Screw-shaft piles have seen extensive adoption in construction and railroad engineering, due to their superior enhanced bearing capacity and cost-effectiveness. While monopiles have been thoroughly examined, composite foundations that include screw-shaft piles have not been studied as extensively. Proper determination of geometric parameters for both the piles and the cushion is a critical aspect of successful design. This paper introduces a comprehensive examination that merges indoor experiments with numerical simulations, aiming to evaluate the bearing capacity, settlement characteristics, and force characteristics of screw-shaft piles under a variety of conditions. This study scrutinizes key components, such as root diameter, pitch, cushion modulus, and the threaded portion's proportion.

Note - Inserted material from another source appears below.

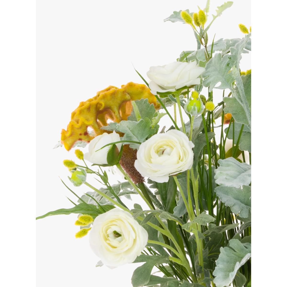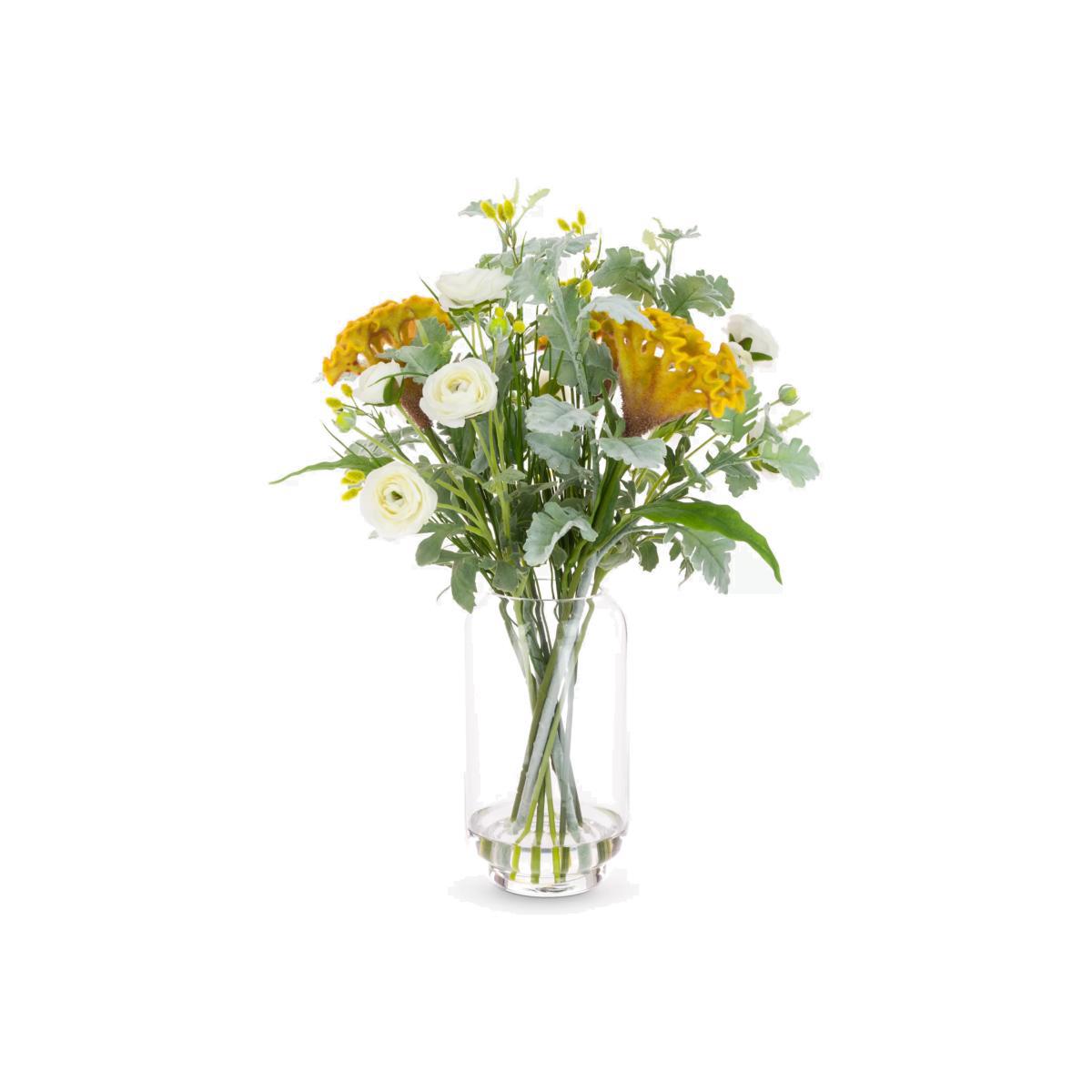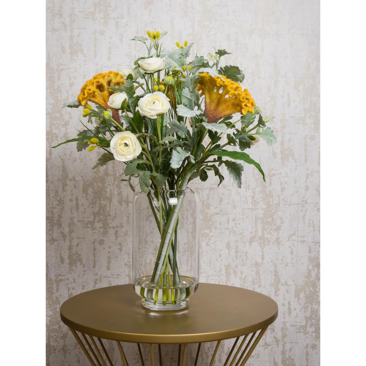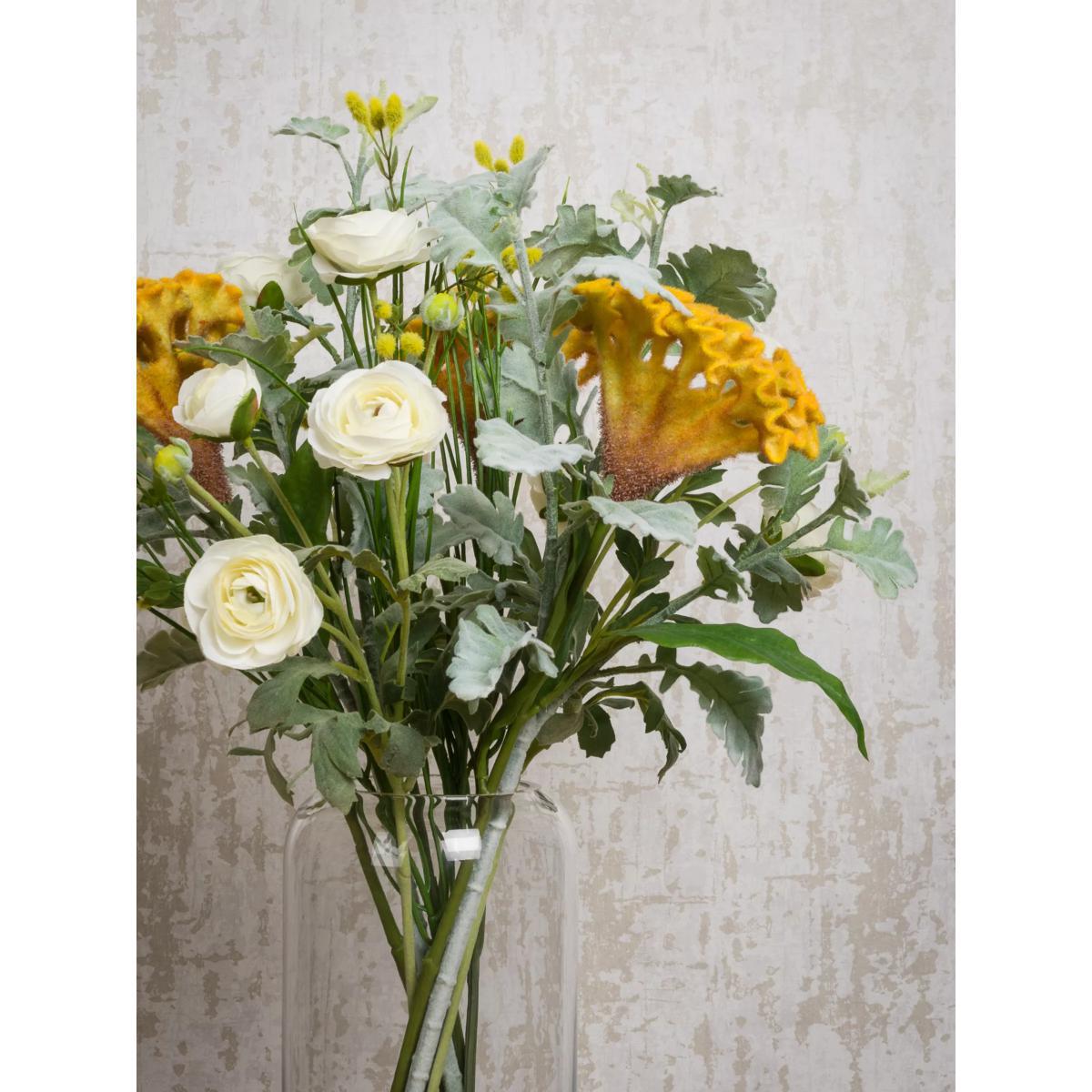 This realistic arrangement features ranunculus stems and the eye-catching celosia bloom. The flocked stems lend a velvety softness to its appearance, making a special feature for your home. This arrangement will look stunning on any surface. The stems are set in clear resin for a ready-made arrangement.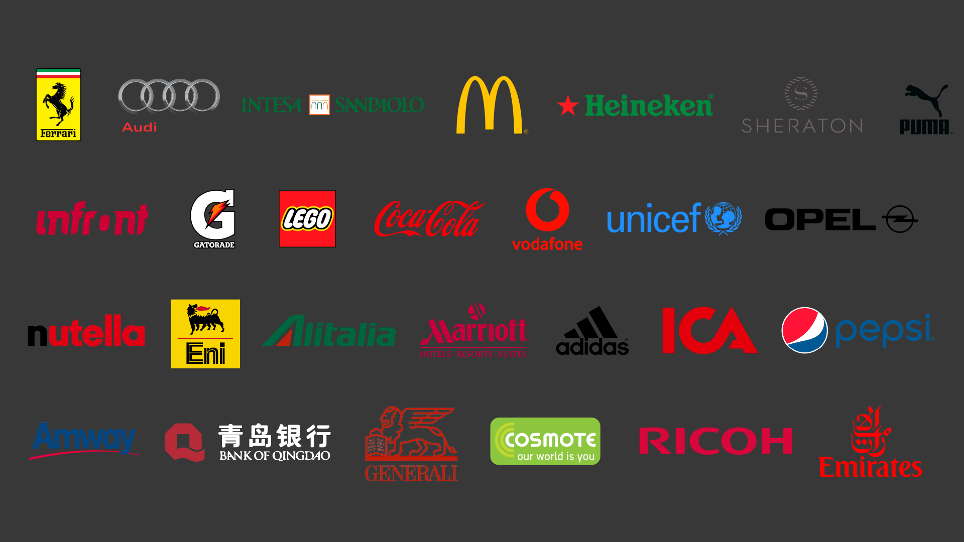 Get StartedWe engaged following celebrities for football international activities: Zvonimir Boban, Paolo Maldini, Andrey Shevchenko, Franco Baresi, Daniele Massaro, Paolo Rossi, Salvatore Schillaci, Carlo Ancelotti, Zlatan Ibraimovic, Ronaldinho, David Beckham, Roberto Baggio, Gianluca Zambrotta, Filippo Inzaghi, Alessandro Del Piero, Aldair, Paolo Di Canio, Simone Perotta, Dejan Savicevic and more

The research outcomes offer crucial insights for optimizing the design parameters of screw-shaft pile composite foundations. The results indicate that the side resistance of screw-shaft piles initially increases with the threaded section's length, stabilizing at an optimal length of approximately 0.44–0.55 times the pile length (L). Furthermore, although decreasing the pitch improves bearing capacity, it also introduces variations in pile material usage, with optimal bearing performance noted at a pitch approximately equal to the diameter (D). Moreover, screw-shaft piles with thread widths ranging between 0.58D and 0.67D show a significant decrease in stress concentrations, approximately 22 % less than those with a width of 0.5D. By setting the cushion modulus within the 40 MPa–60 MPa range, reduced settlement and optimal pile-soil stress ratios were achieved. These research outcomes provide critical insights into optimizing screw-shaft pile composite foundation design parameters, serving as valuable guidance for designers and engineers in diverse civil engineering projects.